Finally, the project has shown that in the absence of an overarching global migration regime, international norms vary depending on those IOs – governors – that actually transport, transfer and translate them to the local reality. This diversity of governors and of the ideas that they promote has its negative externalities. Multiple migration governors, significant overlaps and contradictions in their activities, the lack of proper and sustainable coordination, the growth of competition, and, finally, divergent governance agendas promoted by IOs create multiple – often divergent – understandings of migration governance standards and best practices among recipient governments. Multiple governors contribute to the emergence of multiple versions of global migration governance. In policy terms, this might be a major challenge for development of coherent and sustainable approaches to migration governance around the world. However, it can also be a way to escape the need to follow the way of universal agreements based on the lowest common denominator.

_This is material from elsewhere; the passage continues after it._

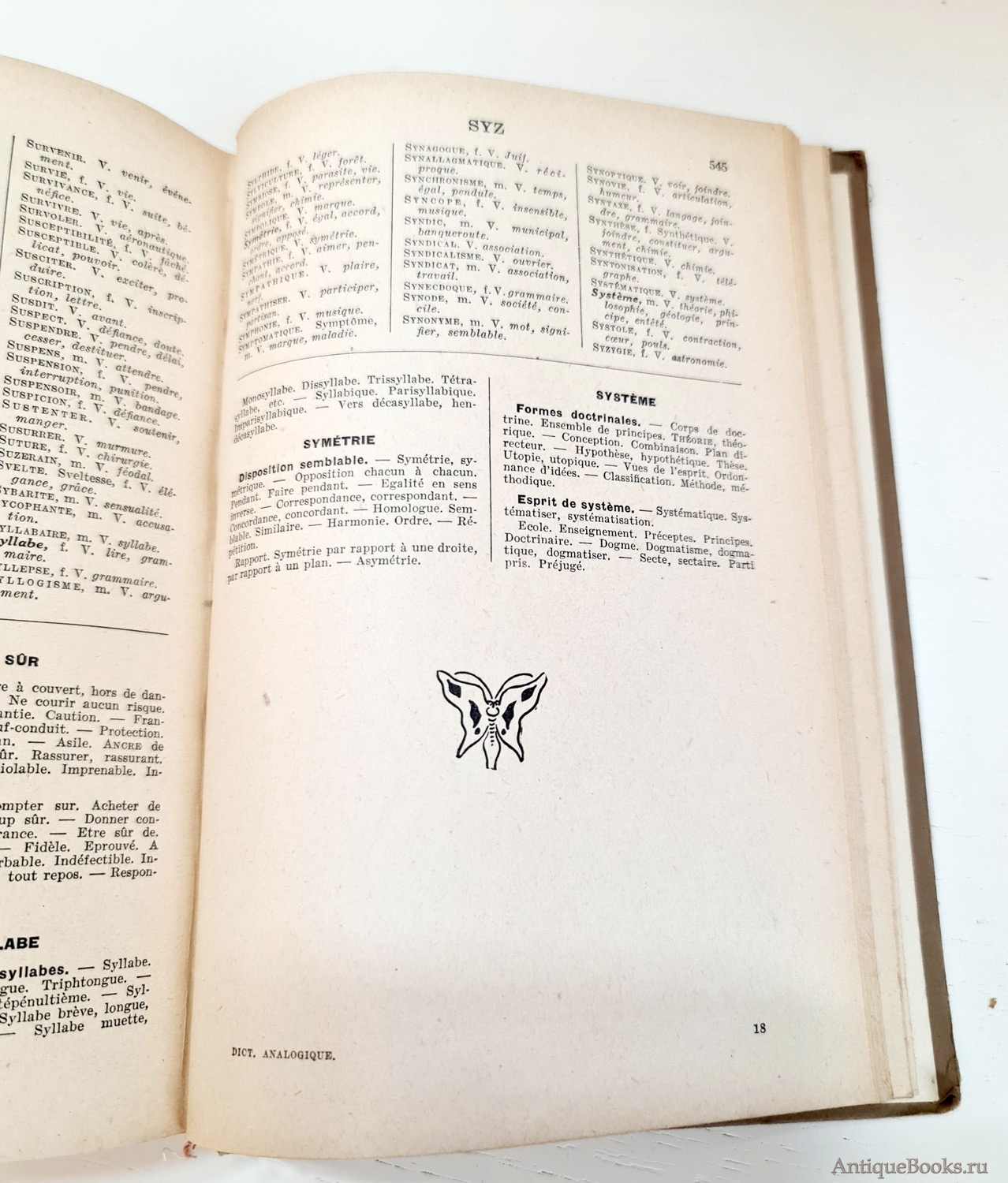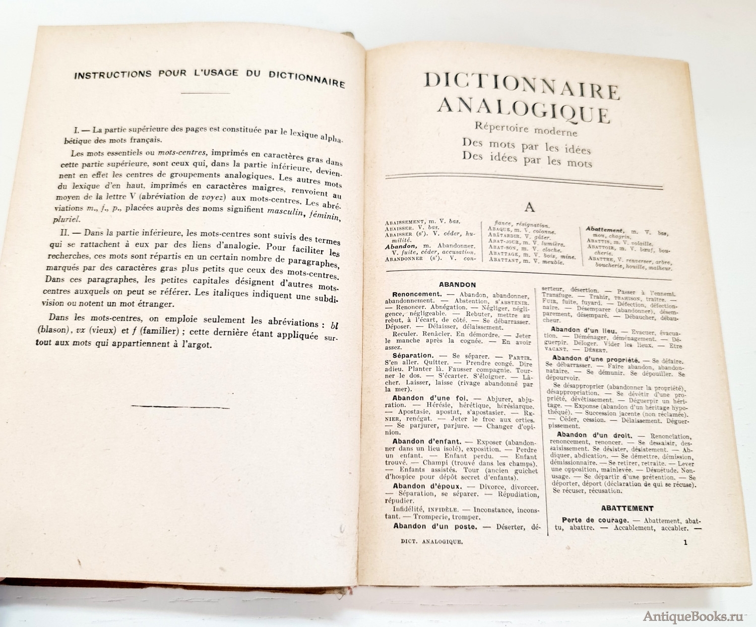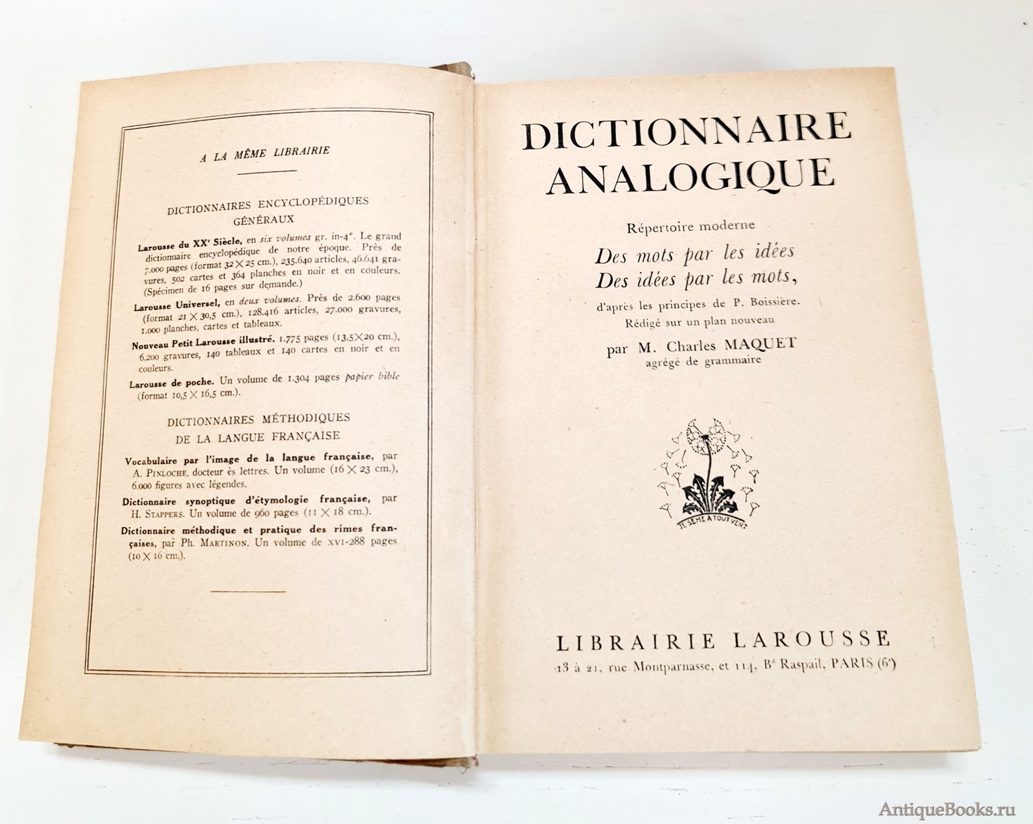 Фотографии предлагаемого издания "Аналоговый словарь современный справочник слов по идеям, идей по словам. (Dictionnaire analogique répertoire moderne des mots par les idées, des idées par les mots.". Par Charles Maquet. Paris, Larousse, 1936

Results of this research can benefit the following target groups:
(1) academic users doing research on international/global governance, migration politics and policy, international organizations (IOs), political production and use of expert knowledge, the European Union, Eastern Europe and Central Asia by: overcoming the existing academic emphasis on international structure and instead prioritize the agency of IOs; answering the neglected question of how international migration governors articulate their activities and strengthen their positions in the field; uncovering the issues of production, use and dissemination of expert knowledge by IOs.

(2) major international development donors (individual states, such as the UK, and regional organizations, such as the EU) and IOs dealing with migration issues by providing them with insights on pitfalls in the design and implementation of migration governance/management projects and on the major problems and opportunities of international coordination/cooperation in the field.

(3) local actors in developing countries of Central Asia (government officials, staff of local NGOs, academics) by increasing their access to knowledge.

Beyond the immediate research results and their dissemination, the implementation of the MIGGOV project has increased European competitiveness and produced long-term synergies thanks to the sustainable cooperation established between the fellow and his colleagues in the UK, other EU Member States and non-EU universities and research centres.